Enhanced chemiluminescence (ECL) substrates, are HRP substrates that are typically two-component systems consisting of a stable peroxide solution and an enhanced luminol solution. To make a working solution, the two components are mixed together. When incubated with a blot on which HRP-conjugated antibodies (or other probes) are bound, a chemical reaction emits light at 425 nm which can be captured with x-ray film, CCD camera imaging devices and phosphorimagers that detect chemiluminescence. Light emission occurs only during the enzyme-substrate reaction; therefore, once the substrate in proximity to the enzyme is exhausted, signal output ceases.
We offer six types of ECL substrates for western blot detection with horseradish peroxidase enzyme (HRP). Each containing different enhancers to increase signal, linearity and duration compared to other western blot detection systems. Use the table above to select the most appropriate ECL kit based on abundance of your target protein of interest, abundance of sample containing the target protein, and the level of sensitivity and type of instrumentation available for detection.
Don’t know which ECL western blot kit is right for you?

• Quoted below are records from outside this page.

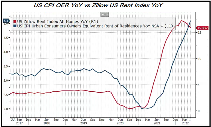 Per fare un esempio, prendiamo la categoria degli alloggi. Il crollo dei tassi ha fatto esplodere il mercato immobiliare, i prezzi delle case sono volati andando a gonfiare i CPI fino al record di maggio 2022, ma l'indice di Zillow (v. grafico sotto) ha cominciato a ripiegare e sembra indicare che, di qui all'autunno, il contributo di questa componente nel CPI dovrebbe iniziare a decrescere, anche perchè i numeri dell'immobiliare stanno implodendo, con il tasso sui mutui che sta per arrivare al 6% e con un’enorme offerta di vendita di case che sta arrivando sul mercato, a premere ulteriormente sui prezzi.
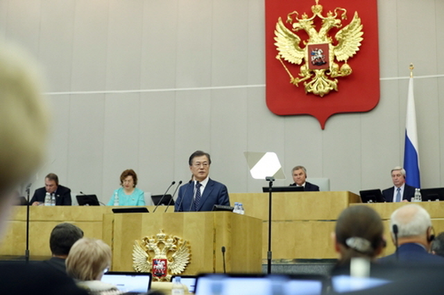 문 대통령은 앞서 러시아 도착 후 첫 일정이었던 하원 연설에서는 "한반도에 평화체제가 구축되면 남북 경제협력이 본격화될 것이며 러시아와의 3각 협력으로 확대될 것"임을 강조했다.
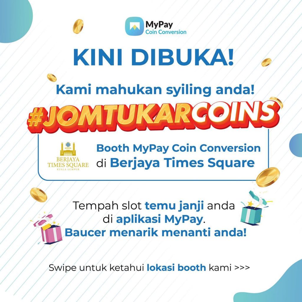 Orang ramai hanya perlu berkunjung dan membawa duit syiling terbabit di booth MyPay Coin Conversion untuk membuat penukaran tersebut.
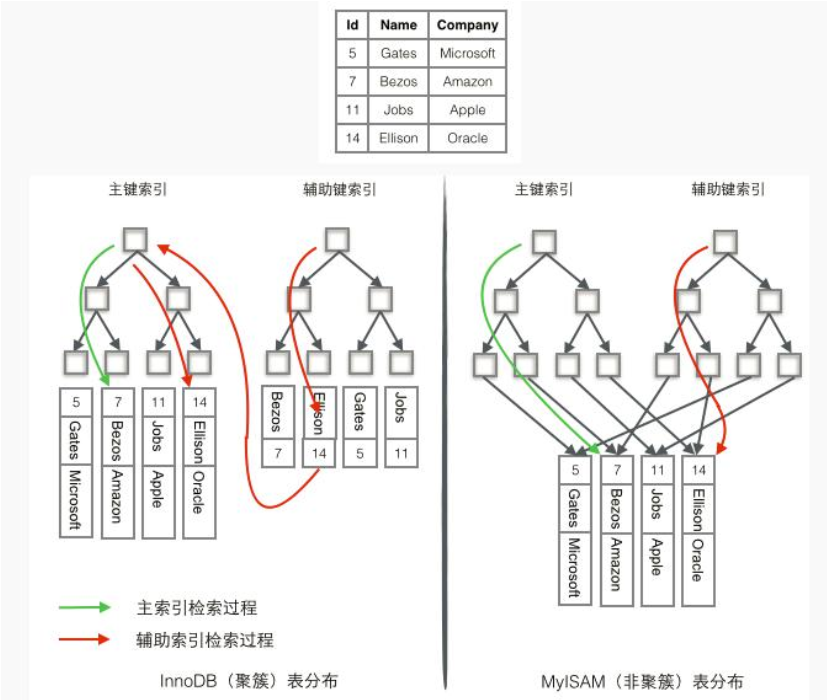 为了更形象说明这两种索引的区别, 我们假想一个表如下图存储了 4 行数据。 其中Id 作为主索引, Name 作为辅助索引。 图示清晰的显示了聚簇索引和非聚簇索引的差异

Use the chemiluminescent HRP substrate selection guide to choose the right HRP substrate for your research needs.
Why do our ECL kits have recommended antibody dilutions?

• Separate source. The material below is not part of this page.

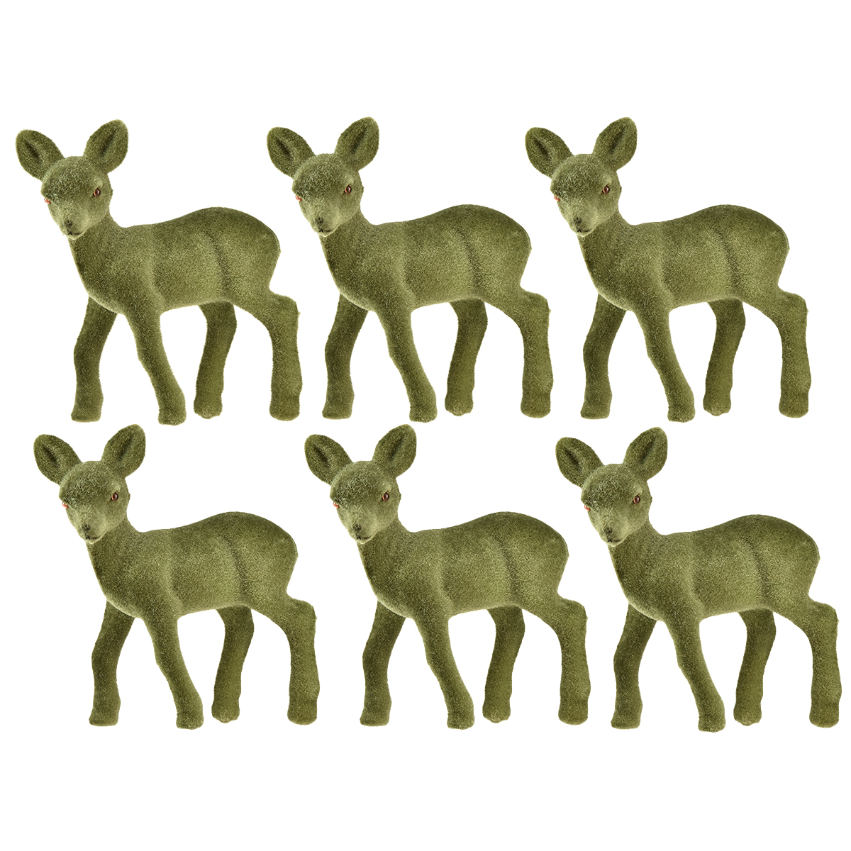 Decorative figure deer fawn flocked Christmas figures green 10.5cm 6 pcs

Under optimal western blotting conditions, a chemiluminescent signal can last for 6–24 hr. The level and duration of light generation depends on the specific substrate being used and the enzyme-to-substrate ratio in the system. Although the amount of substrate on a blot is relatively constant, the amount of enzyme present depends on the amount of antibody-conjugate added. Too much enzyme conjugate applied to a western blot system is one of the greatest causes of signal variability, dark background, short signal duration, and low sensitivity. A signal emission curve that decays slowly is desirable as it demonstrates that each component of the system has been optimized and allows reproducible results. A signal that decays too quickly can cause variability, low sensitivity, high background, and problems with signal documentation. A long-lasting signal minimizes variability in results due to transfer efficiency, different manufacturer lots of substrate, and other factors. The oxidation reaction of the HRP molecules with the luminol in the substrate produces free radicals in addition to the light being produced. An abundance of HRP in the system will create an abundance of free radicals, speeding the probability of HRP inactivation. Free radicals may also damage the antigen, antibodies, and the membrane, resulting in reduced effectiveness of re-probing.